Return the listing exactly. Keep no pictures.

(DATASET EXCERPT)
------------------------------------------------

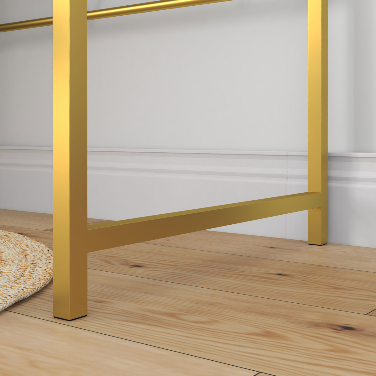 Dressing Table with Round Mirror, Vanity Makeup Desk Faux Marble Texture White
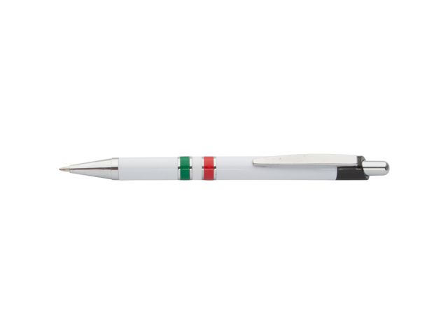 Pix "National" avand inele colorate in steagul Italiei. Pixuri din plastic, corp alb, clips si varf cromate. Se livreza cu pasta albastra.
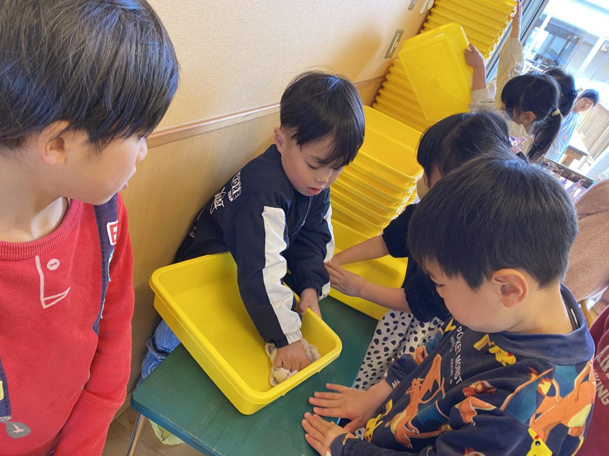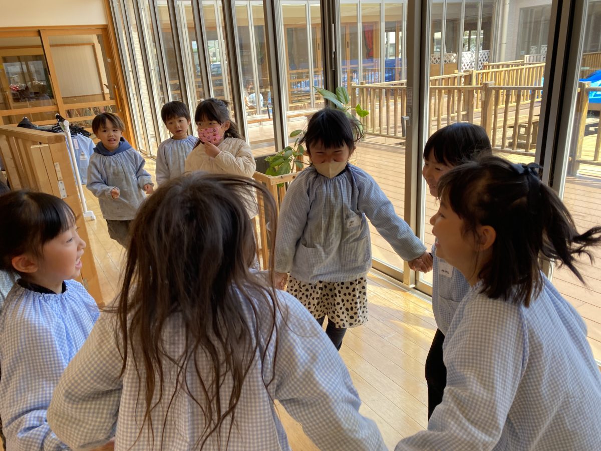 今日も昨日の続きで卒園にむかって自分の荷物の整理をしました。習字で書いたお気に入りの作品も一緒にしまったり、使っていたお道具箱の掃除も角と角に気を付けて丁寧に拭いてくれていました。こっちにつんでこう!と役割分担してお友だちと協力していました。また残り少なくなってきたみんなと一緒に過ごせる日々を大切に思いながら、保育園で楽しかったことや嬉しかったこと、悔しかったことをみんなで振り返った後、一人ひとり印象に残ったことを発表してくれました。「えんそくのおにぎりがとても、うれしかった!」「のりがきらいやけど、えんそくのおにぎりののりはたべれた!」「〇〇くんとなかよくなれて、うれしかった!」「なわとびが〇〇かいとべてうれしかった!」「てつぼうにすわれるようになって、うれしかった!」「おとまりほいくのとき、〇〇ちゃんといっしょにねれてうれしかった!」「〇〇くんと〇〇くんがすきだった!」ドキドキしたり自分が話せるタイミングをはかって話したり、恥ずかしくてさっと話して座ったり、みんな個性を出しながら素直な思いを話して、お友だちの話を耳で目でしっかり聞く姿は今までのお友だちとの関係を思い出させるぐらい素敵なものでした。たくさん保育園で嬉しかったことをみんなで共有しながら最後外遊びに出る際にはハイタッチ!などいつも以上にスキンシップを喜んでお友だちとの関係を深めていました。卒園式、楽しみだね!早くお家の人に見てもらいたい!という思いの声も聞こえてきていました。
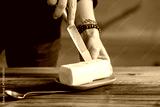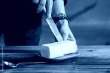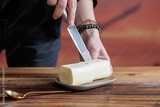 Hands expertly slice a block of creamy butter on a plate, preparing for cozonac-making. This essential ingredient adds richness to the cherished holiday bread

------------------------------------------------

(TASK ANSWER)
 Dressing Table with Round Mirror, Vanity Makeup Desk Faux Marble Texture White
 Pix "National" avand inele colorate in steagul Italiei. Pixuri din plastic, corp alb, clips si varf cromate. Se livreza cu pasta albastra.
 今日も昨日の続きで卒園にむかって自分の荷物の整理をしました。習字で書いたお気に入りの作品も一緒にしまったり、使っていたお道具箱の掃除も角と角に気を付けて丁寧に拭いてくれていました。こっちにつんでこう!と役割分担してお友だちと協力していました。また残り少なくなってきたみんなと一緒に過ごせる日々を大切に思いながら、保育園で楽しかったことや嬉しかったこと、悔しかったことをみんなで振り返った後、一人ひとり印象に残ったことを発表してくれました。「えんそくのおにぎりがとても、うれしかった!」「のりがきらいやけど、えんそくのおにぎりののりはたべれた!」「〇〇くんとなかよくなれて、うれしかった!」「なわとびが〇〇かいとべてうれしかった!」「てつぼうにすわれるようになって、うれしかった!」「おとまりほいくのとき、〇〇ちゃんといっしょにねれてうれしかった!」「〇〇くんと〇〇くんがすきだった!」ドキドキしたり自分が話せるタイミングをはかって話したり、恥ずかしくてさっと話して座ったり、みんな個性を出しながら素直な思いを話して、お友だちの話を耳で目でしっかり聞く姿は今までのお友だちとの関係を思い出させるぐらい素敵なものでした。たくさん保育園で嬉しかったことをみんなで共有しながら最後外遊びに出る際にはハイタッチ!などいつも以上にスキンシップを喜んでお友だちとの関係を深めていました。卒園式、楽しみだね!早くお家の人に見てもらいたい!という思いの声も聞こえてきていました。
 Hands expertly slice a block of creamy butter on a plate, preparing for cozonac-making. This essential ingredient adds richness to the cherished holiday bread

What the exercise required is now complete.